As previously mentioned I’m a bit of a Twitter user. One of the things that I came across, actually the first python project I did, was writing code to create a word cloud based on the most recent 20 posts of my Twitter feed.
I used a post by Sebastian Raschka and a post on TechTrek.io as guides and was able to generate the word cloud pretty easily.

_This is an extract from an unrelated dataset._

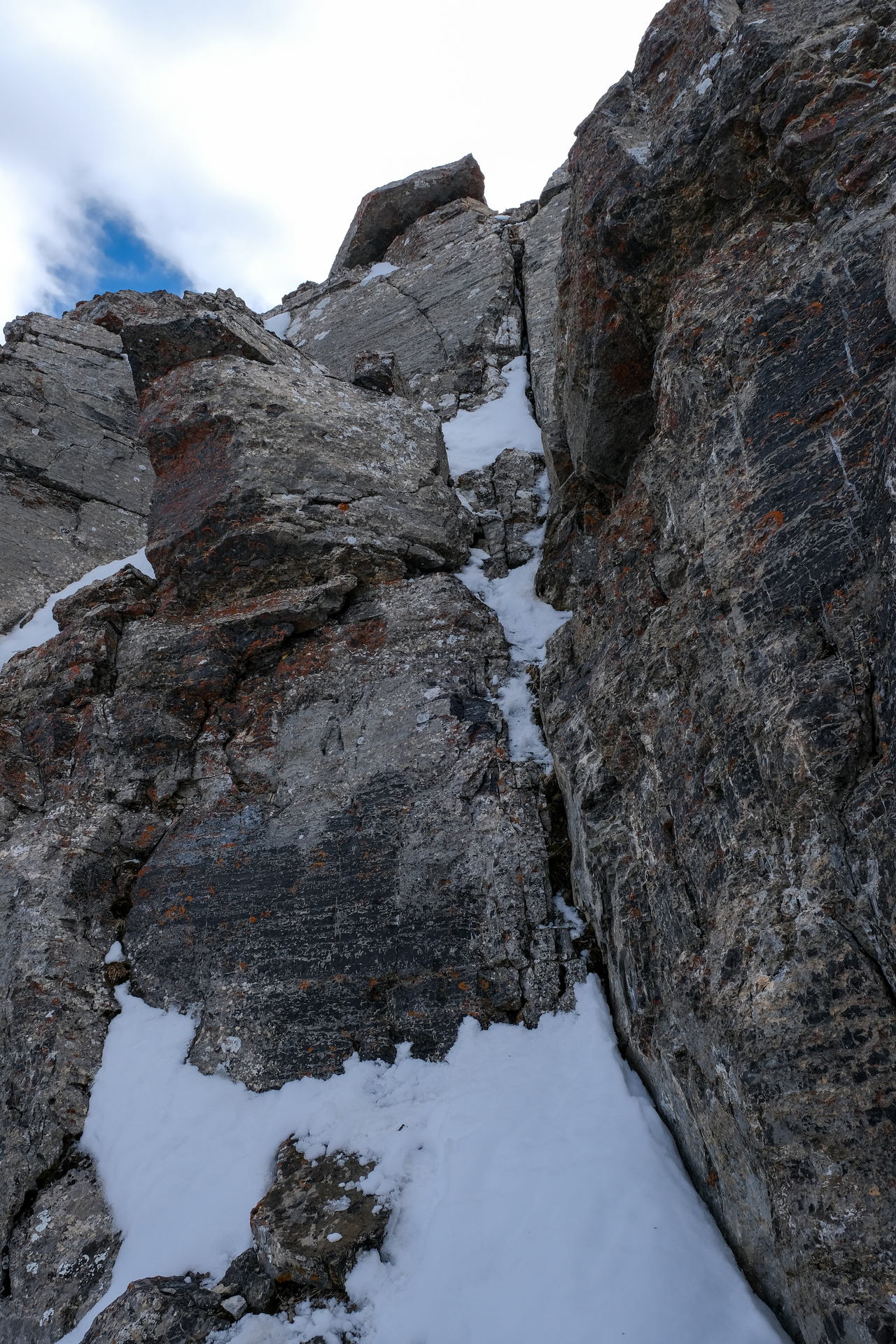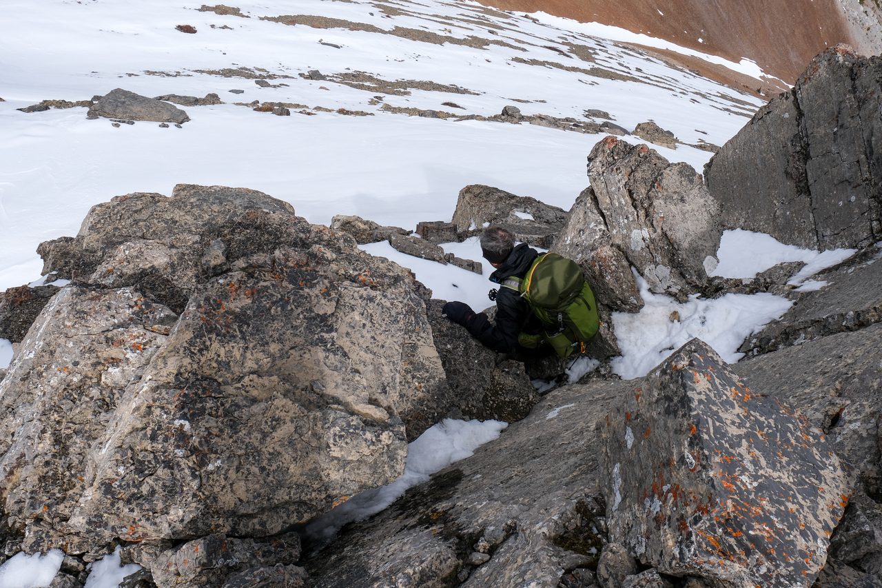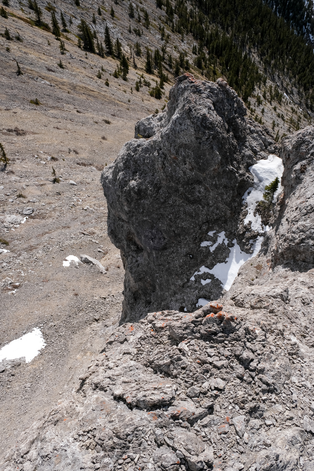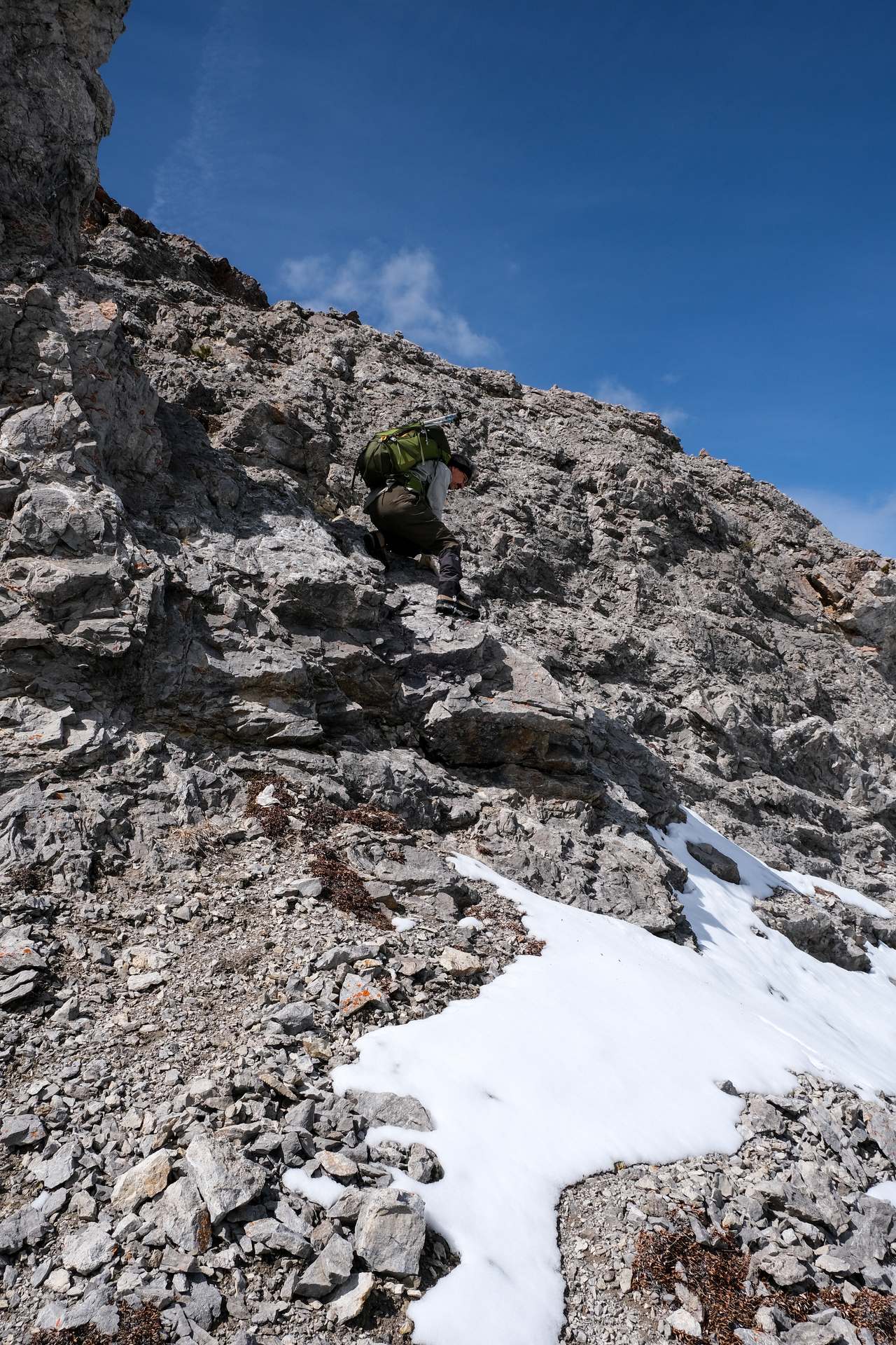 The descent gully we chose (between the two "summit blocks") was quite steep, and required some moderate downclimbing to avoid some slick, lingering snow patches.

As usual, we import the need libraries:
import tweepy, json, random
from tweepy import OAuthHandler
import matplotlib.pyplot as plt
from wordcloud import WordCloud, STOPWORDS
from scipy.misc import imread
The code below allows access to my feed using secret keys from my twitter account. They have been removed from the post so that my twitter account doesn’t stop being mine:
consumer_key = consumer_key
consumer_secret = consumer_secret
access_token = access_token
access_secret = access_secret
auth = OAuthHandler(consumer_key, consumer_secret)
auth.set_access_token(access_token, access_secret)
api = tweepy.API(auth)
Next I open a file called tweets
and write to it the tweets (referred to in the for
loop as status
) and encode with utf-8
. If you don’t do the following error is thrown: TypeError: a bytes-like object is required, not 'str'
. And who wants a TypeError
to be thrown?
f = open('tweets', 'wb')
for status in api.user_timeline():
f.write(api.get_status(status.id).text.encode("utf-8"))
f.close()
Now I’m ready to do something with the tweets that I collected. I read the file into a variable called words
words=' '
count =0
f = open('tweets', 'rb')
for line in f:
words= words + line.decode("utf-8")
f.close
Next, we start on constructing the word cloud itself. We declare words that we want to ignore (in this case https is ignored, otherwise it would count the protocol of links that I’ve been tweeting).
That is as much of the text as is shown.